Repository files navigation

Rental Transactions Analytics System (ETL pipeline)

This project encompasses a Dockerized setup of MySQL databases for OLTP and OLAP, it includes a Python script for Extract - Transform - Load (ETL) pipeline processes, and finally an interactive query application that you can run in your terminal.

Demo

Setup instructions

To test it you have to have Docker and Docker Compose installed on your computer. For running the Python script you will need the following libraries installed: 'pandas', 'SQLAlchemy' and 'cryptography':

pip install pandas
pip install SQLAlchemy
pip install cryptography

1. Clone repository

git clone https://github.com/vsoos/etl_project
cd etl_project

2. Run the Database (Docker)

docker-compose up -d
Screenshot 2024-04-29 at 12 12 46

3. Run ETL script (etl.py)

cd etl_script
python3 etl.py

4. Run the Terminal app (query_app.py)

cd terminal
python3 query_app.py

5. Try out the terminal app!

Welcome to my OLAP! Here you can look at Rental Transactions Analytics of Random Data.
Please enter a year and a month to analyze:
Year (ex. 2023): -- your_input --
Month (January-December / 1-12): -- your_input --
Selected month: January 2023

Development process

1. Research

  • ETL: ETL pipelines using PostgreSQL tutorials from freeCodeCamp on YouTube [1].
  • Faker: Faker for generating synthetic data based on a NeuralNine tutorial on YouTube[2].

2. Database Schemas

  • OLTP: Created using DataGrip
  • OLAP: Developed for analytical processing / extending the OLTP design

3. Data Generation and Preparation

  • Data Generation: with Faker I seeded the OLTP database with random data.
  • Data Export: MySQL dump to create portable versions of both OLTP and OLAP (mostly to avoid issues with foreign key dependencies)

4. Docker

  • Docker Setup: run OLTP and OLAP databases in SQL containers on different ports (3308:3306 / 3309:3306)

5. ETL Pipeline in Python with SQLAlchemy

  • ETL: wrote Python scripts to extract data from OLTP, transform it, and load it into OLAP, guided by several tutorials and articles on ETL pipeline development [3] [4] [5].

6. Query Tool Development

  • Query Application: developed a terminal tool for data querying and reporting from the OLAP database and used models.py for abstraction, and to provide readability and ease of use
  • User Interaction: enhanced user experience by allowing dynamic input but also default demo mode (i.e. 2023 / January upon clicking e.g.

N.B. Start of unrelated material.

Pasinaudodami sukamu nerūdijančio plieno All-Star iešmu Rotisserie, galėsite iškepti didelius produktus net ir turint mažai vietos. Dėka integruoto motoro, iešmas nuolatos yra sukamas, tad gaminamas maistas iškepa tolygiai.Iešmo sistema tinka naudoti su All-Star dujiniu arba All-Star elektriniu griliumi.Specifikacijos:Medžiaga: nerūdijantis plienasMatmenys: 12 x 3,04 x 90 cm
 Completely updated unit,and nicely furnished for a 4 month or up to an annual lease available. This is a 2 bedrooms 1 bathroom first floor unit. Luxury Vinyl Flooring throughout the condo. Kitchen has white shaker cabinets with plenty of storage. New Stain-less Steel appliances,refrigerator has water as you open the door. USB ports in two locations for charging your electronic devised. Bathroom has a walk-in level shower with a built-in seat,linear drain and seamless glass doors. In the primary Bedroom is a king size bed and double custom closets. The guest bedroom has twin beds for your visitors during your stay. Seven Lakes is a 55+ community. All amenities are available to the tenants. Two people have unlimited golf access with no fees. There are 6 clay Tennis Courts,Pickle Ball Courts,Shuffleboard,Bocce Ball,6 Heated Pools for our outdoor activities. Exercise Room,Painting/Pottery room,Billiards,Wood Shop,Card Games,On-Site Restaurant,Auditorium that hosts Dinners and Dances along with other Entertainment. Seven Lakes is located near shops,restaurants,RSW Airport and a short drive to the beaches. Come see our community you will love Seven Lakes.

Enter)

References

[1] freeCodeCamp.org. (2024, January 16). Data Engineering course for beginners [Video]. YouTube. https://www.youtube.com/watch?v=PHsC_t0j1dU

[2] NeuralNine. (2022, April 11). Generating Professional Sample Data with Faker in Python [Video]. YouTube. https://www.youtube.com/watch?v=7M2Q5wrqC7I

[3] SQLAlchemy Unified Tutorial — SQLAlchemy 2.0 Documentation. (n.d.). https://docs.sqlalchemy.org/en/20/tutorial/index.html#tutorial-overview

[4] Verma, S. (2023, July 31). Building an Efficient ETL Pipeline using Python: A Step-by-Step Guide | 1. Medium. https://medium.com/@siddharthverma.er.cse/building-an-efficient-etl-pipeline-using-python-a-step-by-step-guide-9ac9fc88d60

[5] Tope. (2023, September 13). Build an ETL Data Pipeline using Python - Data Engineer Things. Medium. https://blog.det.life/build-an-etl-data-pipeline-using-python-139c6875b046

Utilization of AI

During this project, I used GPT-3.5 and GPT-4 for debugging and getting preliminary structures for the ETL scripts and Docker setup.

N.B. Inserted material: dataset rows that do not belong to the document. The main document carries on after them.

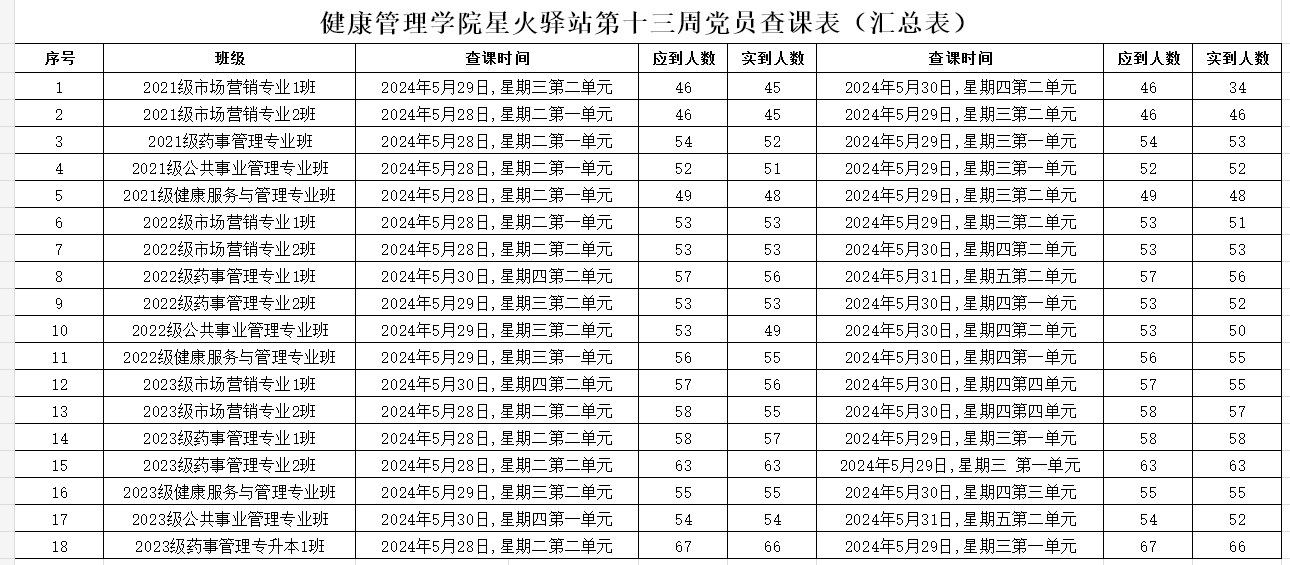 为加强学院学风建设,规范课堂秩序,营造良好的学习氛围,KY开元集团官网党委积极组织学生党员开展查课工作,于6月2日,对第十三周的查课情况做出总结。本周查课以严谨认真的态度对迟到、旷课、带早餐的学生进行了督促和提醒。学生党员进入每间教室内检查学生出勤情况。经过一周的督查,学院共查18个班级36节课,覆盖学院全体21级、22级、23级以及23级专升本共982名学生。现查课通报如下: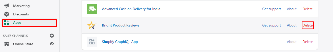 To uninstall the Bright Product Reviews APP go to "Apps" from the Shopify admin.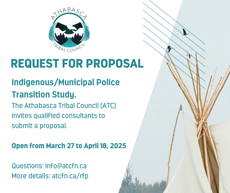 The Athabasca Tribal Council (ATC) invites qualified consultants to submit proposals for a comprehensive feasibility study to explore the establishment of a tribal police service within the Regional Municipality of Wood Buffalo. This initiative will assess the feasibility of creating a community-led policing model that addresses the safety and security needs of the Athabasca Chipewyan First Nation, Fort McMurray 468 First Nation, and Chipewyan Prairie First Nation, in alignment with Treaty 8 rights and the broader goals of the ATC.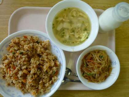キムチチャーハン、中華スープ、バンサンスー、牛乳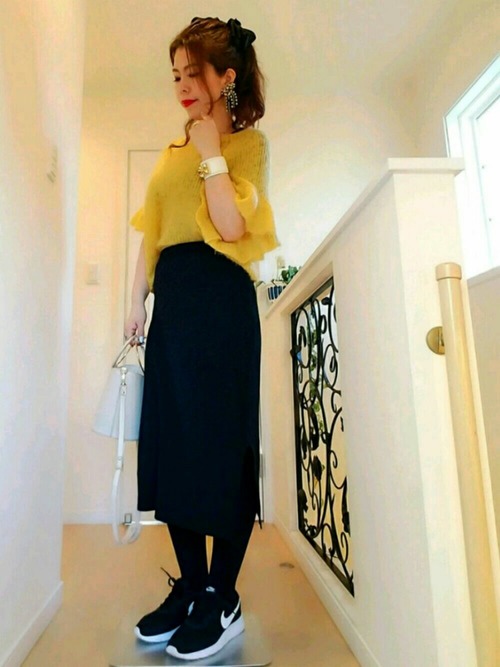 鉛筆裙的百搭真的是所有女生的好朋友!搭配紮入的方式穿搭,既顯瘦又能展現出好比例喔。

Reasons for Utilizing GPT Models:

  • Schema Validation: The AI's ability to assess the appropriateness of the OLAP schema based on the OLTP schema proved crucial, especially when inconsistencies could lead to significant setbacks.
  • ETL: ChatGPT was a great help in suggesting basic structures for the ETL scripts
  • Docker Configuration: GPT models assisted in deciding the architecture of Docker containers
  • Quick Error Analytics: effectively reduced the debugging time for me

Disclaimer: Given the limited resources available, I did decide to use it. By doing so, I could navigate through a steep learning curve and effectively create the final product which I am super proud of.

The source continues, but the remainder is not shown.